Records drawn from a dataset:

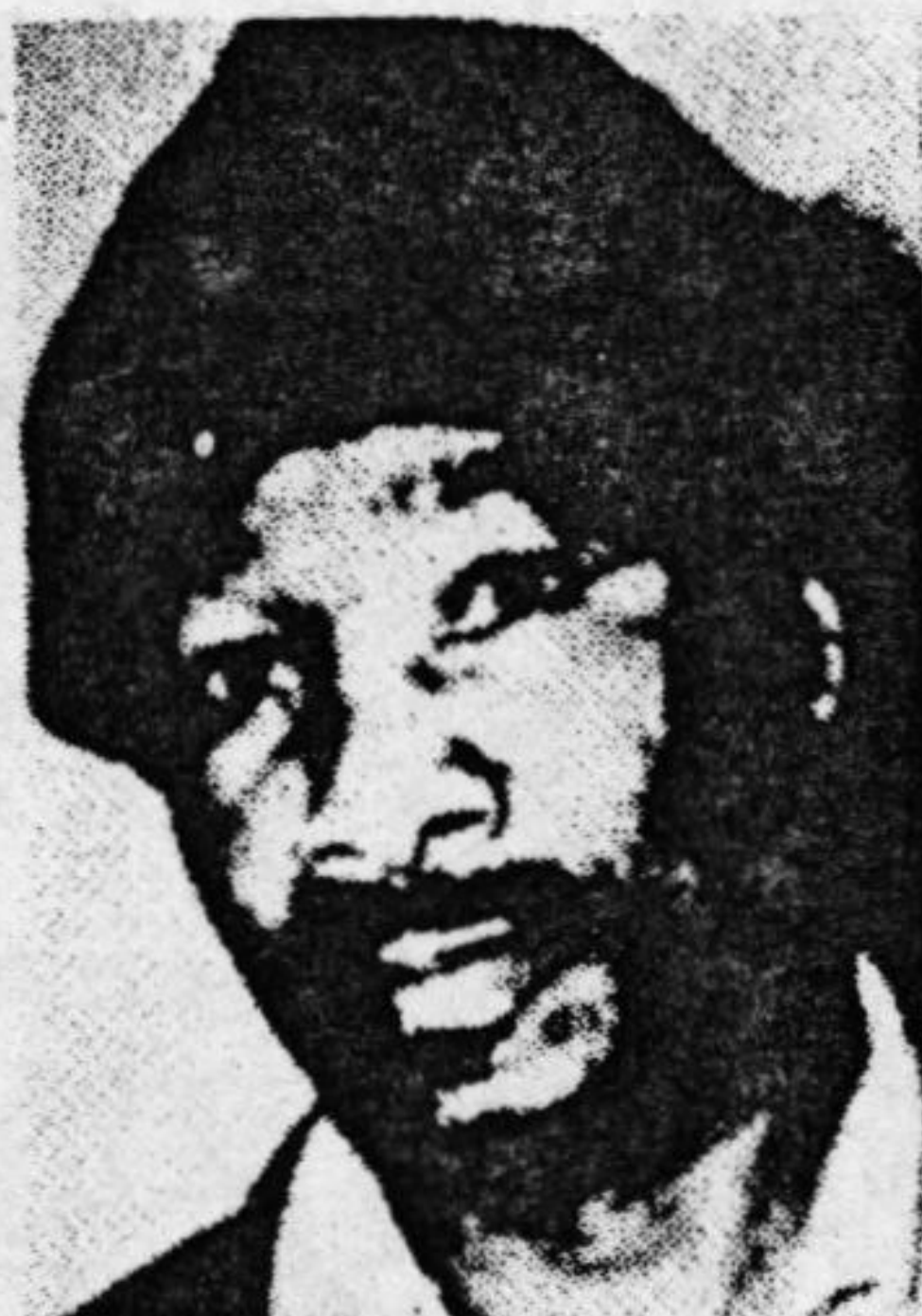
DR. GOVAN MBEKI FUND UNIVERSITY OF AMSTERDAM THE NETHERLANDS
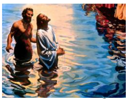
The Baptism of Jesus begins the 70<sup>th</sup> week.

The 7 weeks and 62 weeks equal 483 prophetic days or 483 years. This means, counting ahead 483 years from 457 B.C. we are brought to the time of the Messiah, i.e. Jesus Christ. The date comes to 27 A.D.
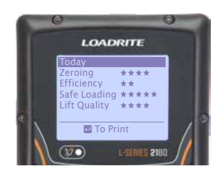
Operators are given a rating to quickly understand performance
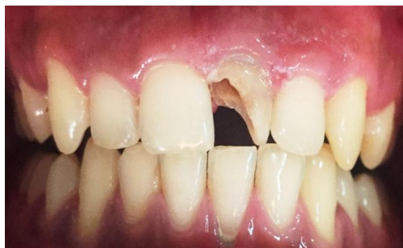
Fig. 1: Preoperative clinical photograph

Maillefer, Ballaiguise, Switzerland) with AH Plus resin sealer (DentsplyDeTrey, Konstanz, Germany) ( Fig. 5 ). The tooth was immediately restored with a composite restoration (Tetric N Ceram, Ivoclar Vivadent, Schaan, Liechtenstein) and in subsequent visits an all ceramic crown was placed ( Fig. 6a, 6b ). During six months follow up the patient remained asymptomatic with restored aesthetics and functions.
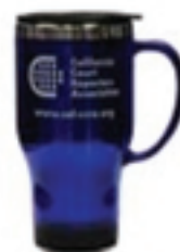
Travel Mug = $15
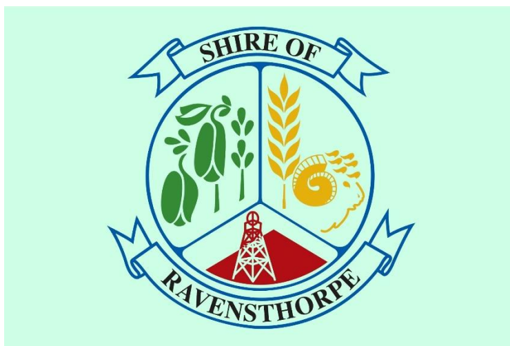
Option B: The Shire of Ravensthorpe logo on a light green background.
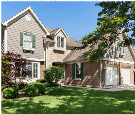
244 MILLS ST. $855,000
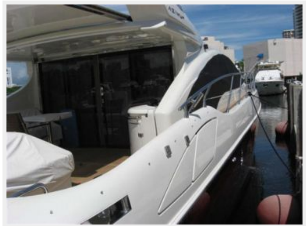
Strbrd from Aft
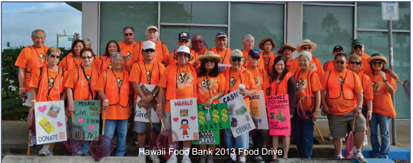
Hawaii Food Bank 2013 Food Drive
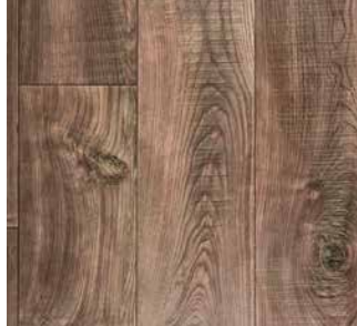
4311-469 | 2m | 4m |
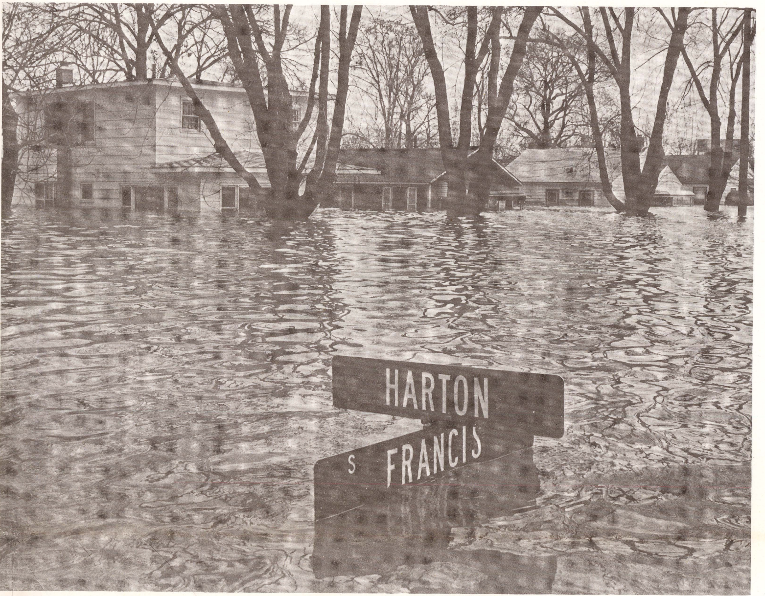
FIGURE 12.--Overflow of the Red Cedar River in the southeastern part of Lansing.

TASK DIRECTIONS: Would you print, exactly as they appear, the lines from the line with "Option B: The" through the end of the entries above, leaving out the pictures?

RESPONSE TO THE TASK:
Option B: The Shire of Ravensthorpe logo on a light green background.
244 MILLS ST. $855,000
Strbrd from Aft
Hawaii Food Bank 2013 Food Drive
4311-469 | 2m | 4m |
FIGURE 12.--Overflow of the Red Cedar River in the southeastern part of Lansing.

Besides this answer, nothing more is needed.